Callum Innes

It is not so long since the inherently repetitive nature of cultural activity seemed to suggest that abstraction was a vanquished option. How could you confront everyday reality with the reality of painting if there were no difference between the two? In some quarters, however, it is increasingly the tendency to reassert claims of value against the more self-indulgent aspects of post-Modernism’s love affair with heterogeneity. As Kate Soper said at a recent conference on “Values” at the ICA, “reveling in the loss of progress is a Western metropolitan privilege that depends on living in a certain state of grace, a condition where no one is starving you, torturing you, no one is even denying you the price of a cinema ticket or tube fare to the conference on post-Modernism.” Aimed at reinvesting the possibility of abstraction as a first-order practice, Callum Innes’ canvases do not sit easily within the dystopian ambience of post-Conceptual painting. They eschew the requisite cynicism.

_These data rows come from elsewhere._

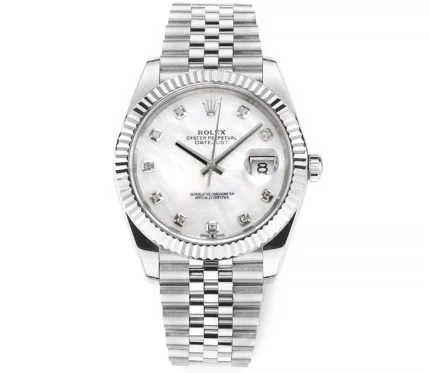 Rolex Datejust 41mm Silver Stainless Steel Watch with Diamond Dial, Fluted Bezel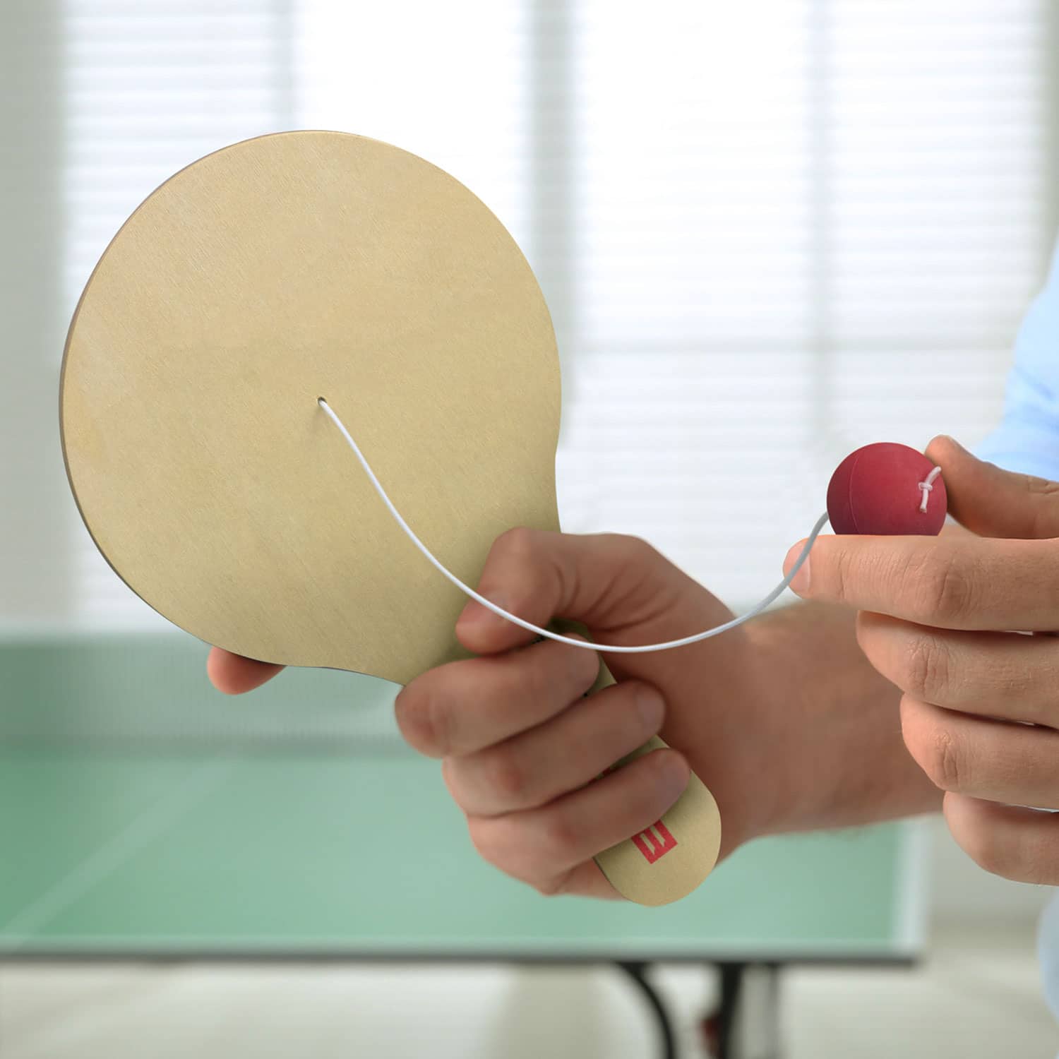 The nostalgic game of Paddle Ball features a small wooden paddle that has a rubber ball attached to its centre by an elastic string making it a great one player activity.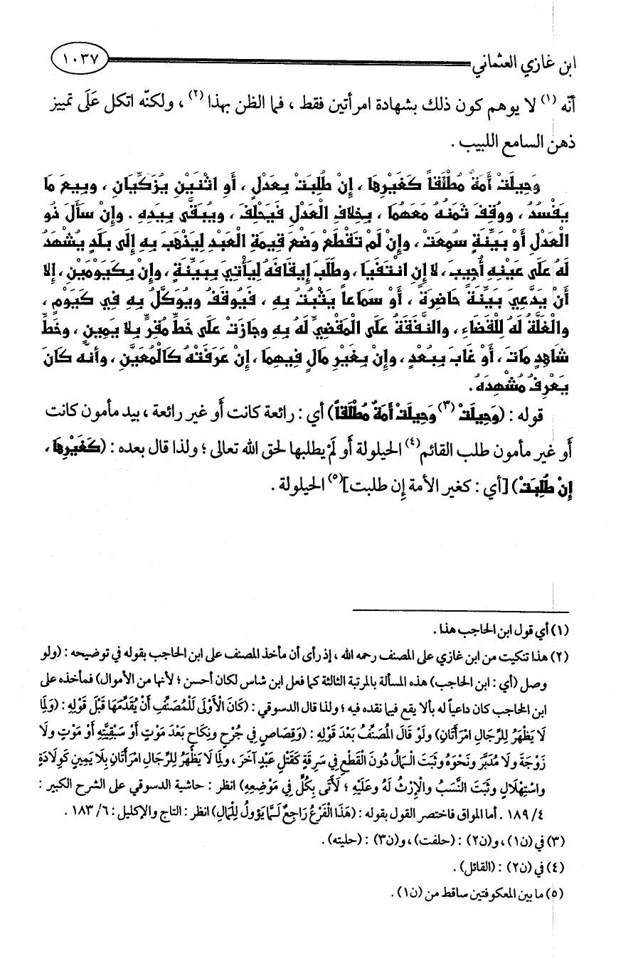 قوله: (وَحِيلَتْ (¬3) وَحِيلَتْ أَمَةٌ مُطْلَقاً) أي: رائعة كانت أَو غير رائعة، بيد مأمون كانت أَو غير مأمون طلب القائم (¬4) الحيلولة أَو لَمْ يطلبها لحق الله تعالى؛ ولذا قال بعده: (كَغَيْرِهَا، إِنْ طُلِبَتْ) [أي: كغير الأمة إِن طلبت] (¬5) الحيلولة.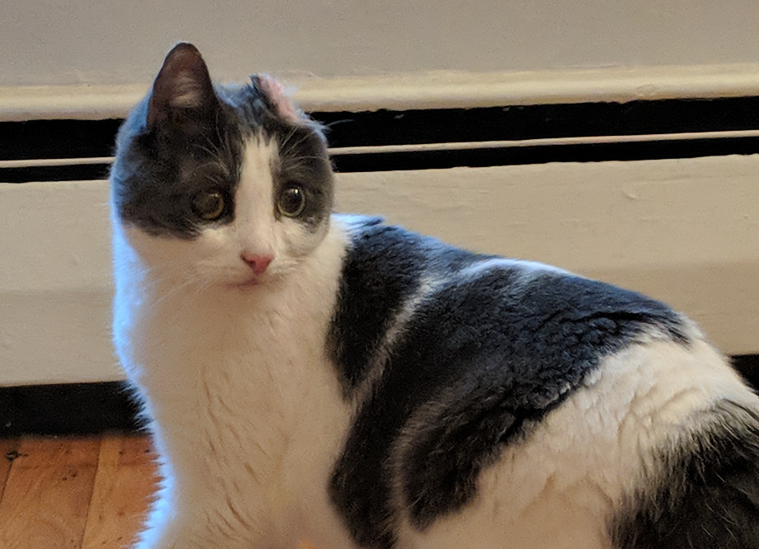 This sweet little thing was found waiting outside of one of the buildings at Town and Country Condos in New Paltz. Had been sitting there overnight, not afraid of people. Will be taken to the SPCA today if owner isn't found. Contact me if you know if this is someone's pet!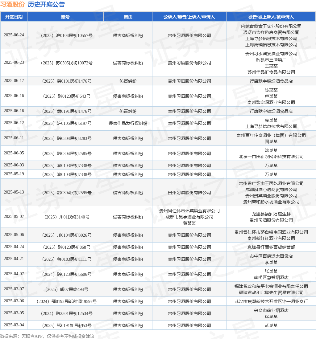 案号:(2025)黔0304民初2595号审理法院:遵义市播州区人民法院案由:侵害商标权纠纷当事人信息: 原告/上诉人:贵州习酒股份有限公司 被告/被上诉人:贵州省仁怀市王丙乾酒业有限公司、成都斟酒心选商贸有限公司、贵州贵宾酒业股份有限公司、贵州荣和黔水坊酒业有限公司开庭日期:2025年5月13日根据统计,近一年内以贵州习酒股份有限公司为当事人的历史开庭公告有73则,其中案由为“侵害商标权纠纷”的公告以55则居首,其次为“不正当竞争纠纷”有8则,“仿冒纠纷”有2则。历史开庭公告(前20条)如下: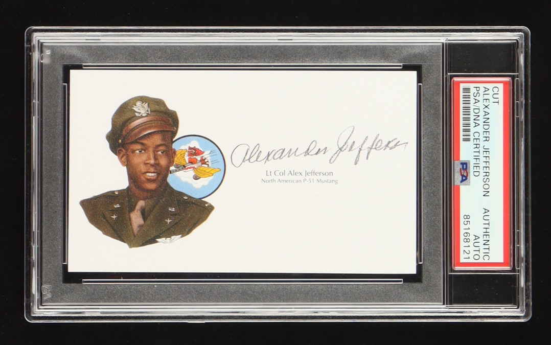 "Up for auction is a hand-signed 3x5 cut signature by Tuskegee Airman and distinguished P-51 pilot, Lieutenant Colonel Alexander Jefferson. This signature is authenticated and encapsulated by PSA/DNA authentication services, ensuring its authenticity and long-term preservation.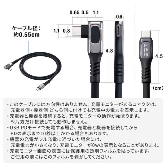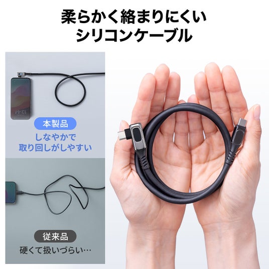 USB Type-Cケーブル W数表示機能付き USB4 8K/60Hz L字コネクタ 映像伝達可能 PD100W対応 1m シリコンケーブル 充電 データ転送 スマホ タブレット

Innes’ method is reductive: the canvas is covered with a single color in even, broad-brushed strokes before turpentine, dripped onto it from a pipette, runs down the surface, dissolving and bleaching the paint over which it passes. Alternatively, in the “Paintings Formed with White” (all works 1991), paint is laid on thickly and then scraped off in horizontal swathes. The incidents in these works are insubstantial, defined by the absence of paint, not even revealed but inferred, like “white holes.” Their titles are equally noncommittal, being more than a vacuous “untitled” yet anything but informative. Tags like Repetition and Identified Forms attach to thoroughly non-specific shapes. Repetition, of course, is a plain description of what is self-evident anyway—the artist’s method of loosing drop after drop of turpentine to meander down the canvas. Identified Forms is less obviously applicable in this sense. It is the sort of gnomic title that suggests that Innes knows what is going on and assumes that you do too. It is one of those “gentlemen’s agreements” that allow the viewer to “see” almost anything in the painting as long as that vision is not vocalized—for then it would become specific and would have to be ruled out in court.

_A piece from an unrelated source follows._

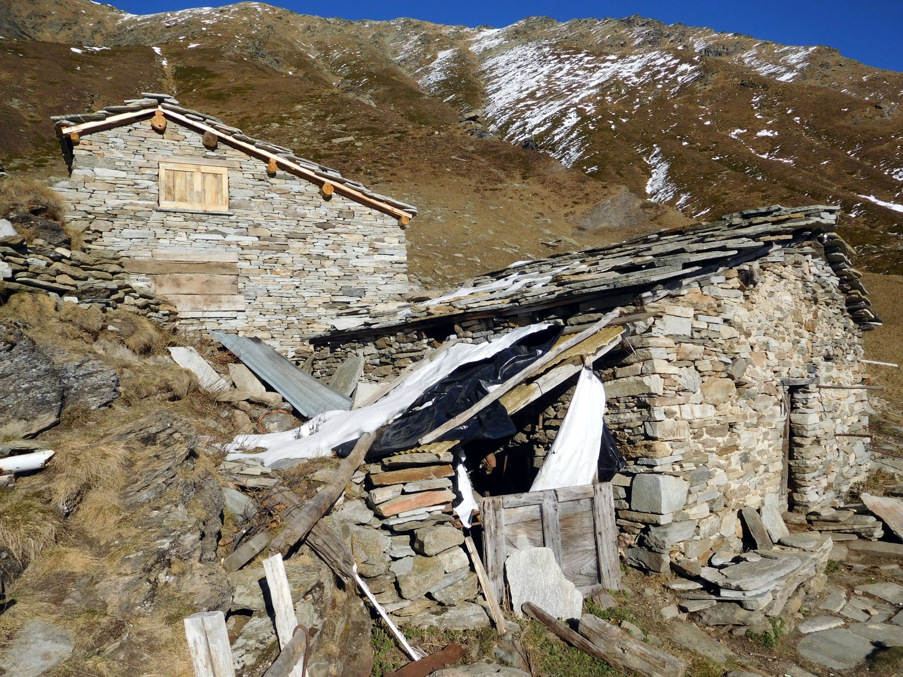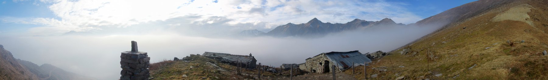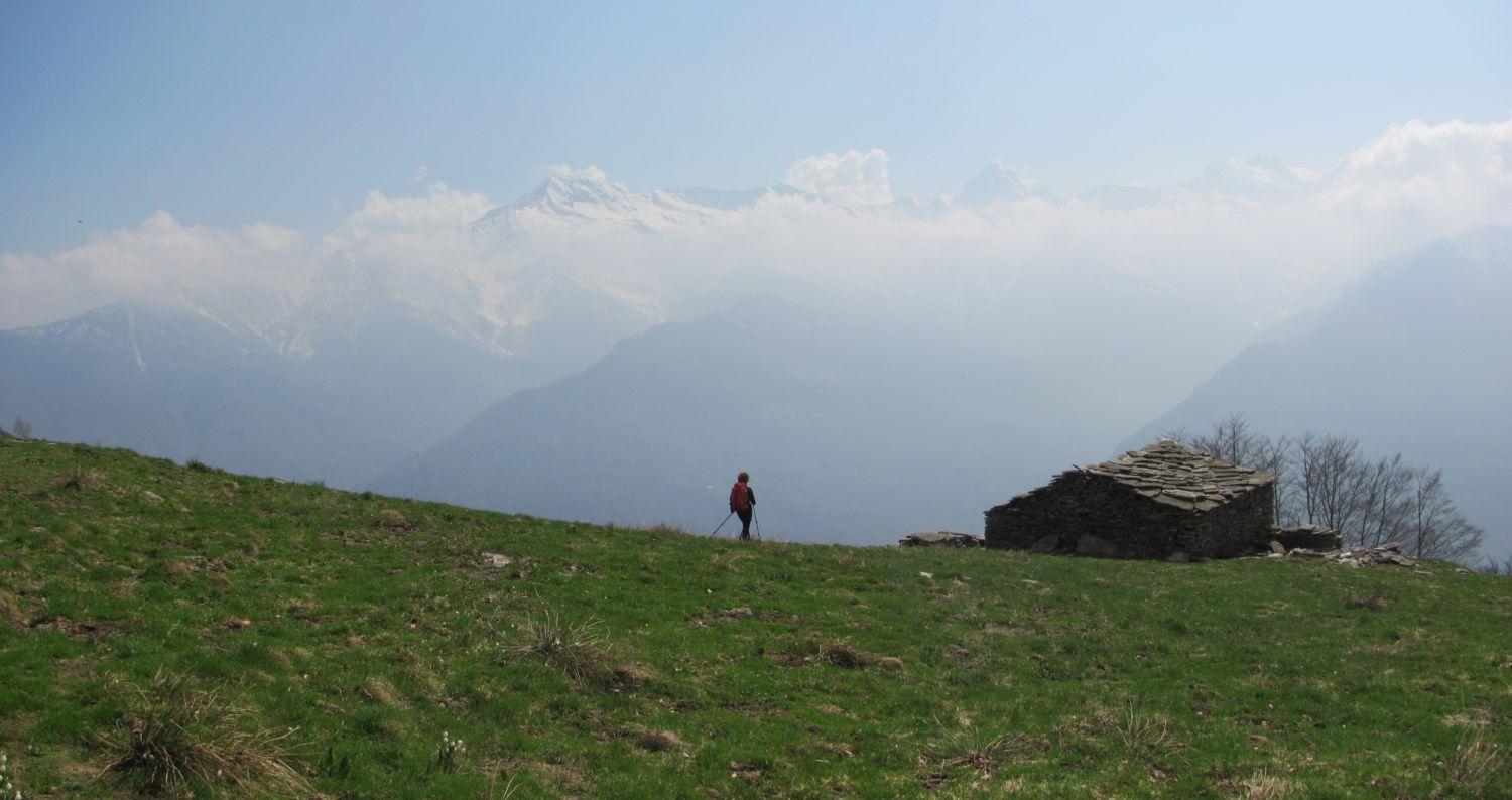 Ancora un lungo traverso, poi si scende di poco ad attraversare un ruscello per risalire e uscire sul poggio prativo dov’è posta la diroccata Alpe di Subiasco 1880 m.

The effects are more often than not pleasing, especially when, as here, the canvases are hung low on the wall. This has the effect of emphasizing the importance of the natural downward flow of the turpentine in creating pictorial structure. But it is rarer to find - oneself engaged with these paintings at a level beyond that of pure mechanism. They are elegant, have a quiet repose, and are self-assured, but this doesn’t seem to be quite sufficient. The way in which they are made accounts for most of their interest, and the attempt to see them as symbolic of, or, as metaphors for intellectual or physical phenomena can be a strained one. They are neither rigorous enough for the former, nor sufficiently free in their materiality for the latter.